Genome engineering, Restriction Endonucleases (REs), CRISPR/Cas, Off-targeting, bioinformatics tools for CRISPR/Cas off-targeting

INTRODUCTION: Genome engineering is defined as “direct or indirect tailored changes in manipulation of genetic makeup of organism to cause desired effects which is highly desirable in basic”. This new field originated a new revolution in biological research ¹.

The traditional method for gene modification is homologous recombination which is widely used in mouse embryonic stem cells to generate germline knockout or knocking mice. However, this method is not applicable in genetically modified mouse and humans.

To overcome this problem, currently there are several restriction endonucleases are available like Zinc-Finger nucleases (ZFNs), Transcription activator-like effectors nucleases (TALEN), Clustered regularly interspaced short palindromic repeats (CRISPR) and CRISPR-associated (Cas) ².

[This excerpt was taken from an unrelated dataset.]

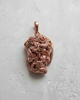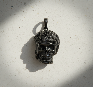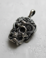 Embrace the powerful symbolism of life, death, and eternal cycles with our masterfully crafted Silver Skull Snake Pendant. This exceptional piece features a detailed human skull intricately entwined with a coiling serpent and crowned with blooming roses, a trinity of potent icons. Each element, from the snake’s textured scales to the delicate flower petals, is meticulously sculpted from solid 925 sterling silver by skilled artisans. An oxidized finish is expertly applied to create dramatic contrast, highlighting the profound depth and gothic character of the design. Perfect for those with a biker aesthetic or an appreciation for Memento Mori art, this Silver Skull Snake Pendant is a bold statement of individuality and resilience. It’s not just an accessory; it’s a wearable masterpiece that tells a story of transformation and untamed spirit.
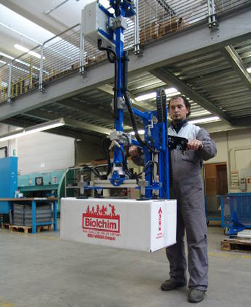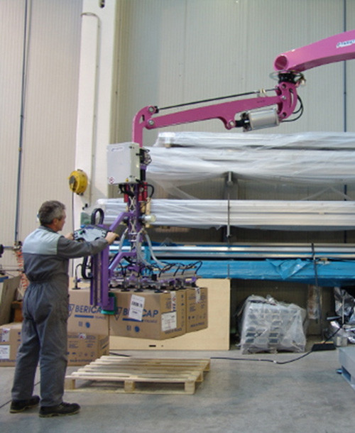 Ce manipulateur est dédié aux cartons et aux produits emballés et assure une manipulation rapide et sécurisée des articles sortant du convoyeur à rouleaux ou du banc en ligne.

Out of these genome editing tools, we are focussing on widely used Clustered regularly interspaced short palindromic repeats (CRISPR) and CRISPR-associated (Cas) because Cas9 is a nuclease guided by small RNAs through Watson-Crick base pairing with target DNA which represents a system that is markedly easier to design, highly specific, efficient and well-suited for high-throughput and multiplexed gene editing for a variety of cell types and organisms ³.

Clustered, regularly interspaced, short, palindromic repeats (CRISPR)—Cas (CRISPR-associated) system is an adaptive, sequence specific, nucleic acid restriction machinery found in many bacteria and archaea which provide prokaryotes with an effective defence against mobile genetic elements like bacteriophages, plasmids, and transposons ⁴. Three types of (I–III) of CRISPR systems have been identified across a wide range of bacterial and archaeal hosts. Each system comprises a cluster of CRISPR-associated (Cas) genes, noncoding RNAs and a distinctive array of repetitive elements (direct repeats). These repeats are interspaced by short variable sequences20 derived from exogenous DNA targets known as protospacers, and together they constitute the CRISPR RNA (crRNA) array. Each protospacer is always associated with a protospacer adjacent motif (PAM), which can vary depending on the specific CRISPR system ⁵.

Following Cas9 binding and subsequence target site cleavage, the double strand breaks (DSBs) generated are repaired by either non-homologous end joining (NHEJ) or homologous recombination directed repair (HDR), resulting in indels or precise repair respectively ⁶. Recent study by Ran et al., (2013) published that 20 nucleotide sequence present in the gRNA contributes to overall specificity but there are multiple mismatches that could be well tolerated if present only at the 5’ end of the gRNA on other hand any mismatches towards the 3’ end of the gRNA are not tolerated ³.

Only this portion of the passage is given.